COMMENTARY: Yesterday Todd Park, Federal CTO, used Twitter to answers questions about “big data”. Well sort of because while it reportedly generated 413 tweets, reaching an audience of 3.5 million, I counted only 131 actual questions, only 9 actual answers, and 7 retweets – so it really was a big data event with small results like so many these days.
The highlights of Todd Park’s responses, in my opinion, were:
- Librarians becoming the new data liberators – check out what NLM is doing
- Great places for health/data startups to go: Health Challenges, HDI Forum and Code Fests
- Key 2 do: make data liquid + accessible for beneficial use while rigorously protecting privacy. This is doable
Ironic, given the point of all of this health data activity by Todd Park and his predecessor, Aneesh Chopra, was to release lots of government data (big and small) to foster innovation investment and job growth.
I asked him a related question: “Can App Challenges (developers) really handle big data?”

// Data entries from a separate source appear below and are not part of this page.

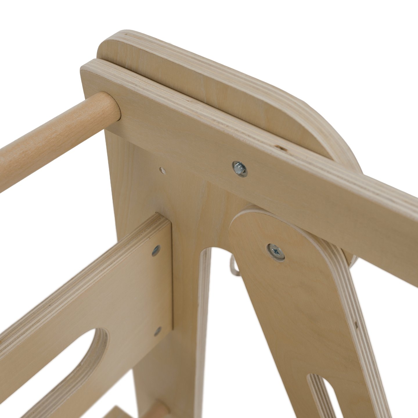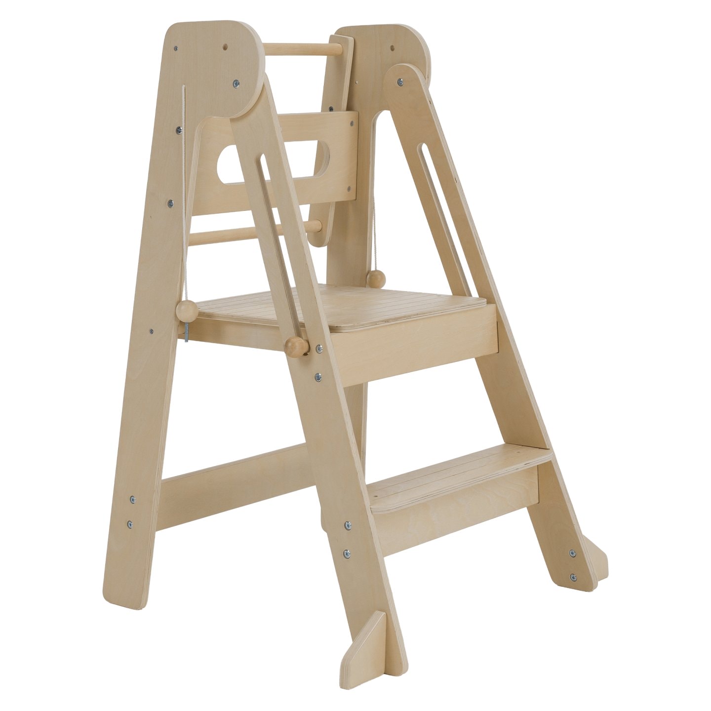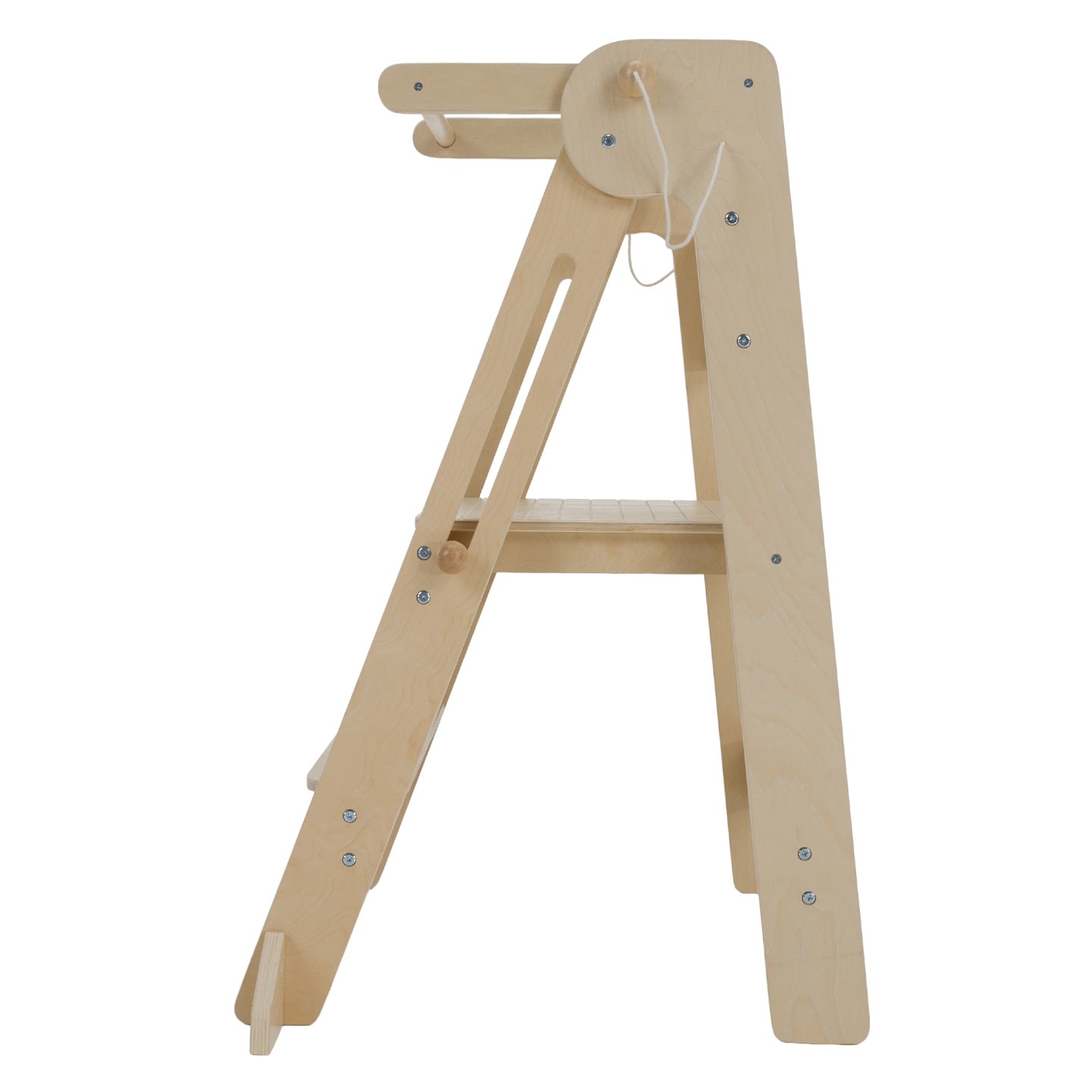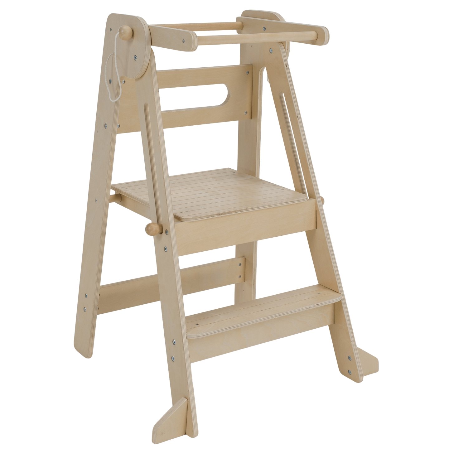 Objevte dokonalého pomocníka pro zvídavé děti a aktivní rodiče. Montessori skládací učící věž URIAN v neutrálním přírodním barevném provedení otevírá dětem dveře nejen k samostatnosti, ale také k učení. Dává malým objevitelům prostor zapojit se do světa dospělých, ať už při pečení koláčů, mytí ovoce nebo čištění zoubků, čímž podporuje jejich nezávislost a sebedůvěru. Její praktická skládací konstrukce umožňuje jednoduché uskladnění, když ji zrovna nepotřebujete nebo snadnou manipulaci při přesouvání mezi místnostmi. Věž je vybavena uzamykacím mechanismem, který při otevření drží věž bezpečně na místě. Vyrobena je z překližky, která zajišťuje pevnost a stabilitu při každém kroku. Zaoblené hrany chrání děti před poraněním, přičemž celé provedení splňuje přísné bezpečnostní požadavky normy EN 14988:2017 + A1:2020. Určena je pro děti starší než jeden rok, které již dokážou stát bez pomoci. Věž URIAN je připravena stát se nepostradatelnou součástí každé moderní domácnosti.
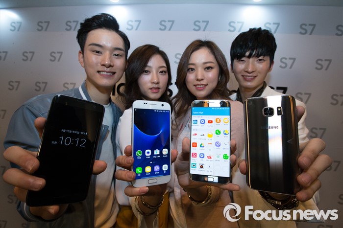 또 "2분기에는 휴대폰, 태블릿 판매량 모두 소폭 감소할 것으로 예상한다"면서도 "갤럭시S7·엣지와 갤럭시 A·J시리즈 등의 판매량을 늘리고 프리미엄 스마트폰 뿐만 아니라 중저가 모델의 수익성을 개선할 것"이라고 말했다.지난 10일 오전 서울 중구 신라호텔에서 삼성전자의 스마트폰 '갤럭시 S7 엣지와 갤럭시 S7'을 모델들이 선보이고 있다. 이번 제품은 듀얼 픽셀과 F1.7 조리개 탑재, 방수·방진과 대용량 배터리가 탑재되어 있다. 2016.03.10 허란 기자
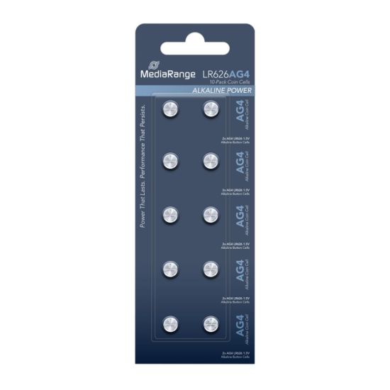 MediaRange Premium Αλκαλικές Μπαταρίες Κουμπί, AG4 | LR626 | 1.5V, Συσκευασία 10 τεμαχίων Οι premium αλκαλικές μπαταρίες κουμπί της MediaRange είναι ιδανικές για μικρές συσκευές με υψηλή κατανάλωση ενέργειας και συνεχή χρήση. Η προηγμένη αλκαλική τεχνολογία προσφέρει μέγιστη ποιότητα και σταθερή παροχή ενέργειας. ΧΑΡΑΚΤΗΡΙΣΤΙΚΑ Τύπος: Αλκαλική LR626 Μέγεθος: AG4 Διαστάσεις: Ø6,8 x 2,6 mm Τάση: 1.5V Περιεκτικότητα σε βαρέα μέταλλα: 0% κάδμιο και υδράργυρος Συσκευασία: 10 τεμάχια Τεχνολογία: Σύγχρονη αλκαλική Παροχή ενέργειας: Συνεχής Διάρκεια ζωής: Μακράς διάρκειας Αξιοπιστία: Εξαιρετική
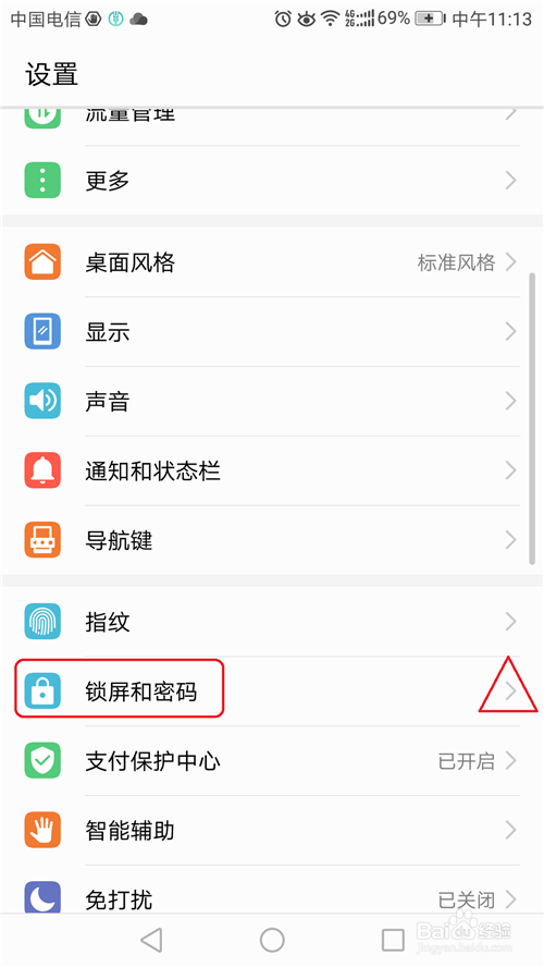 点击进入“设置”功能后,参照下图,找到“锁屏与密码”。
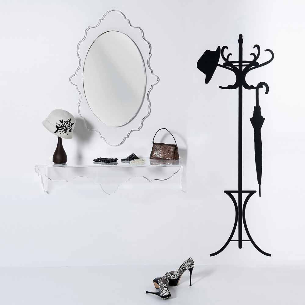Wandkonsole aus transparentem Plexiglas Bianca, hergestellt in Italien Sapore d'art nouveau für die Konsole Weiß in Plexiglas PMMA 100% reines Polymer vollständig transparent, lasergeschnitten und thermogeformt bei hohen Temperaturen. Der Wandanker wird von 2 Metallankern von tecnodesign unterstützt. Plexiglas ist stoßfest, nicht verformbar, unveränderbar und wärmeisolierend. Die Helligkeit und Helligkeit werden über die Zeit konstant und unverändert beibehalten. Das PMMA Plexiglas aus reinem Polymer ist ungiftig, hypoallergen, geruchlos und antibakteriell. 100% recycelbar. Entworfen, entworfen und hergestellt in Italien mit italienischen Materialien.
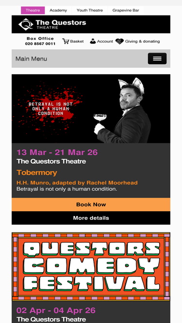 73%ealing's theatre. 350-seat playhouse and 90-seat studio. the questors stage 15-20 productions a year and host visiting companies. eight minutes from ealing broadway tube station. west london, w5.
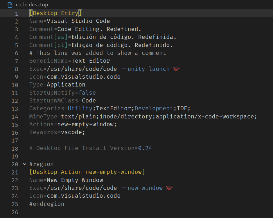 - Syntax Highlighting for .desktop files.

I did not get an answer from him. But I know what it is. They can’t. An example is the recent Department of Commerce App Challenge.
I had to search through three levels of Web pages to find where to download the Geographic Names Information System (GNIS) data and then found it was “big data” (2,221,269 rows by 20 columns) requiring “a big data in memory tool” to visualize.

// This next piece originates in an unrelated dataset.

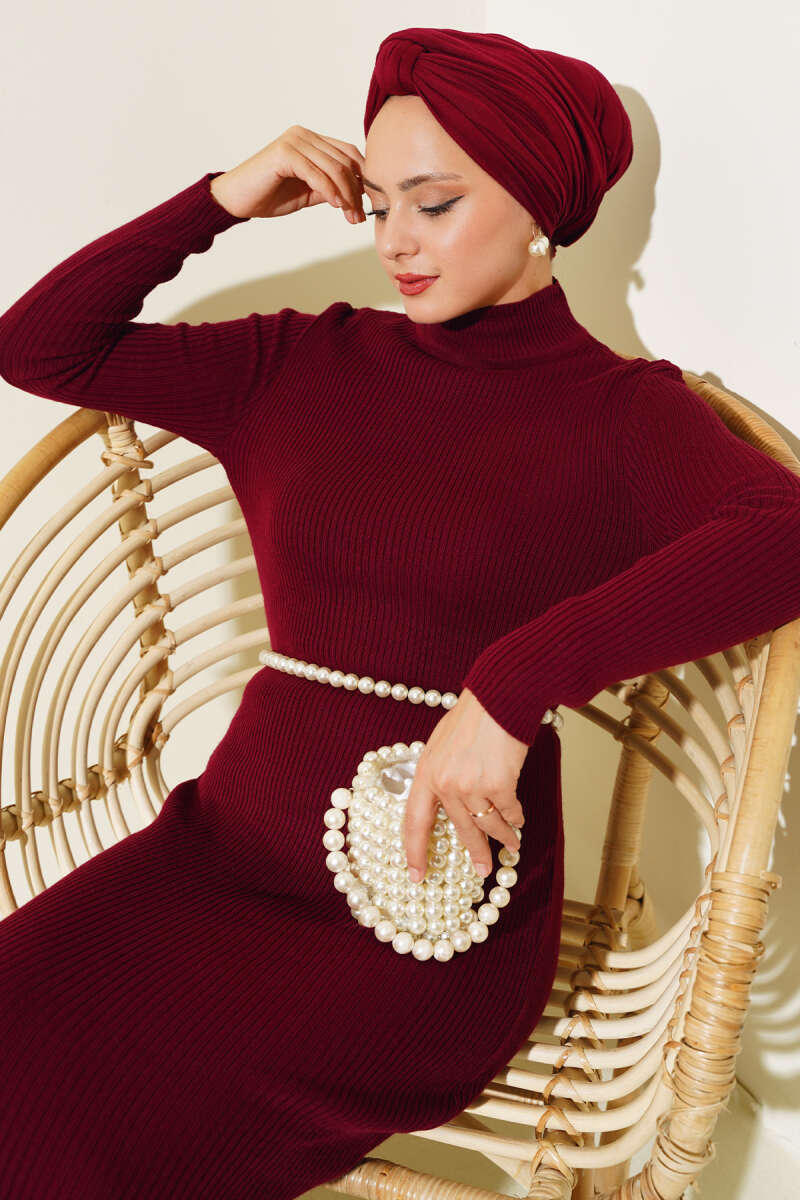 Kol Ucu Armalı İp Bağcıklı Elbise Kahve

The Patent (USPTO) data is definitely not what is realistic for developers and small companies. The Patent Green Book documentation is a 50 MB – 667 page PDF file and the recent bibliographic data is for approximately 4,000 patent grants per week in approximately 5 MB per week zip files. Even Google is struggling with making this GB’s of weekly data useful.
The DoC App Challenge objective is this: “We’re challenging developers to look for innovative ways to utilize DOC and other publically available data to help businesses identify opportunities, grow, enhance productivity and create jobs.”
So I suggest Todd Park write a White House blog and talk at the upcoming HDI Forum about the answers to all the good questions he received on Twitter, and especially how the DoC App Challenge with big data is going to foster innovation investment and job growth by developers and small companies.